Reputation: 363
I am working with Tensorflow & trying to build a deep network model. I will use ReLU activation with SGD/Adam optimizer (minimization of cross-entropy) & L2 regularizer (penalize large weights to over-fit).
My dataset has 115599 rows with 13 columns, from which 1:12 columns are actually input (X) & 13th column is the binary response. I have standardized the input X.
For weights & bias, we are supposed to take sample from a Gaussian distribution with zero mean & variance 1. Previously when I am doing it with MNIST dataset, we are setting the weights & biases at zero with W = tf.Variable(tf.zeros([784, 10]))

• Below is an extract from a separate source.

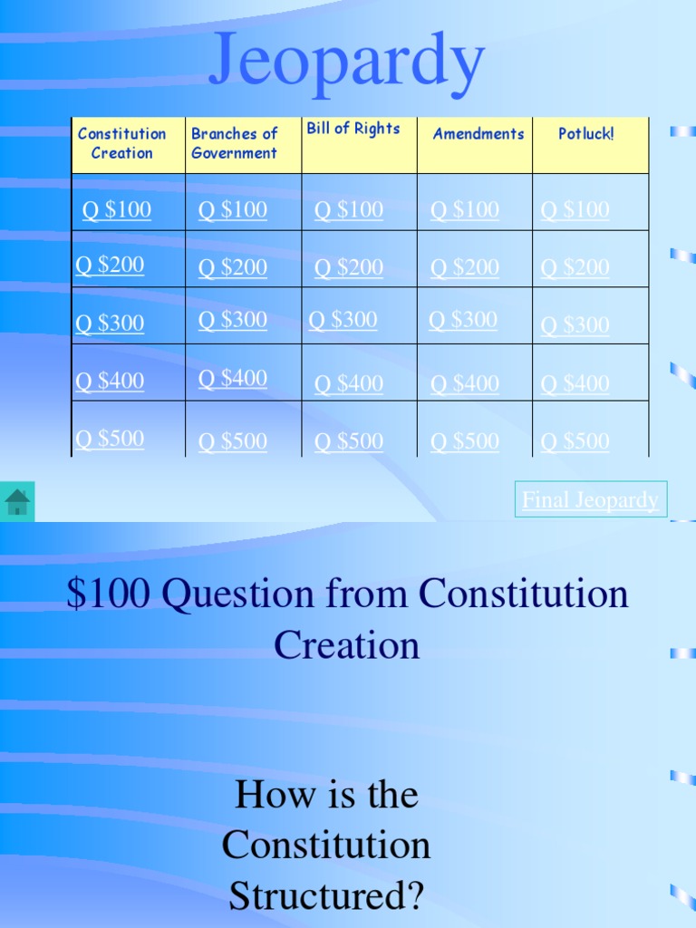 Constitution Creation Branches of Government Bill of Rights Amendments Potluck!
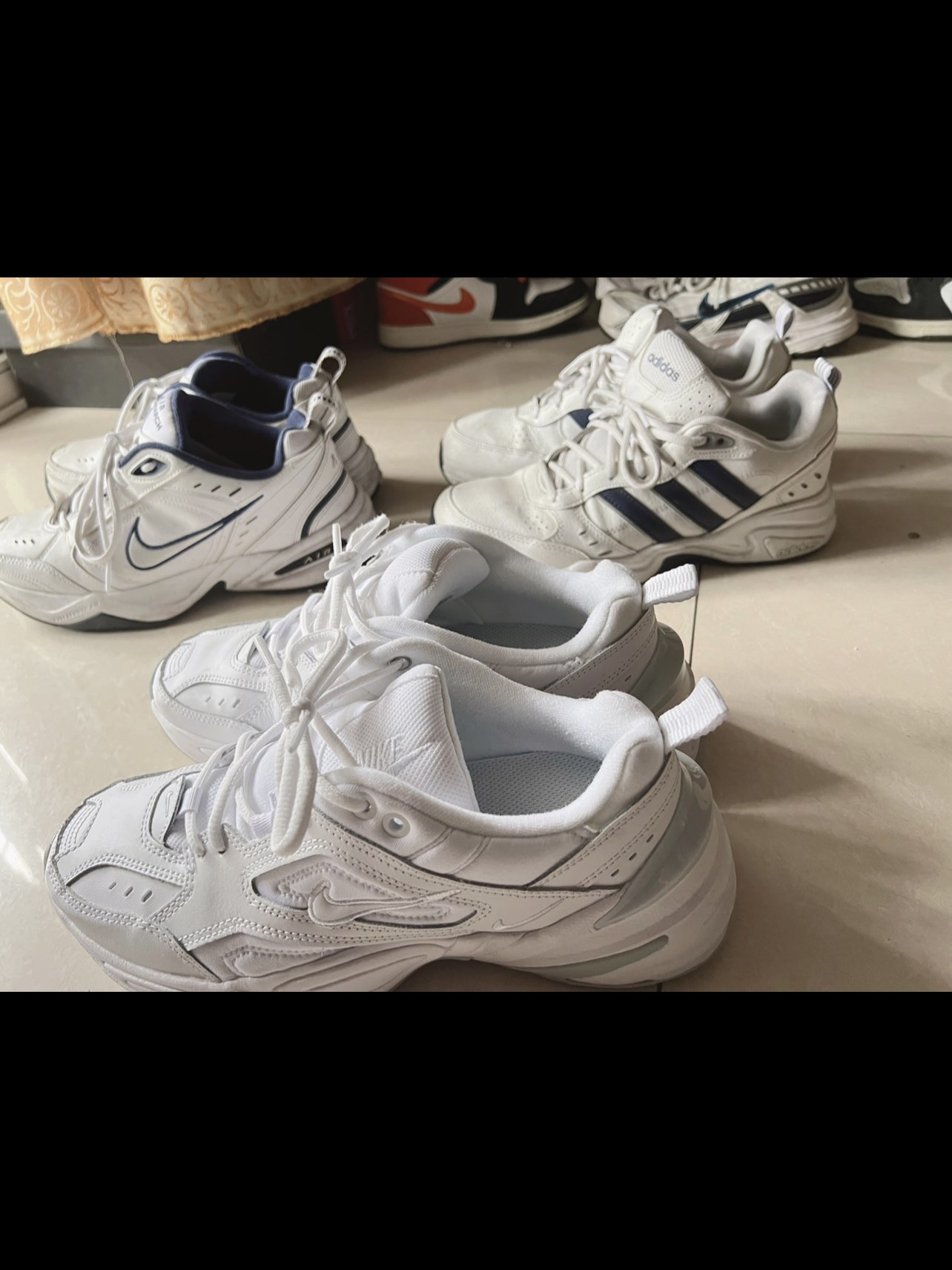 Nike Air Monarch White 4 Navy Nike M2K Tekno White Adidas Neo Strutter白蓝 今日介绍自穿平价自穿好鞋: 无可厚非的平价小白鞋三巨头, 稳居三百档平价好穿鞋款 三款都有增高效果,健身日常穿搭都🉑️ 脚感舒适是他们的缺点,皮质感爆表是他们的败笔 平价百元是他们无法抛弃的优点 小白鞋的外形却能衬托各种穿搭, 为穿搭烦恼的小伙伴们...

& b = tf.Variable(tf.zeros([10]))
as the response had 10 different levels (0-9).
My question is, how can I specify the weights for a binary response which has only two different levels. Should I put b = tf.Variable(tf.zeros([2]))?
The code I tried so far placed below;
import tensorflow as tf
import numpy
import pandas as pd
df_X=pd.read_csv('/home/prm/use_validation.csv',usecols = [0,1,2,3,4,5,6,7,8,9,10,11],skiprows=[0],header=None)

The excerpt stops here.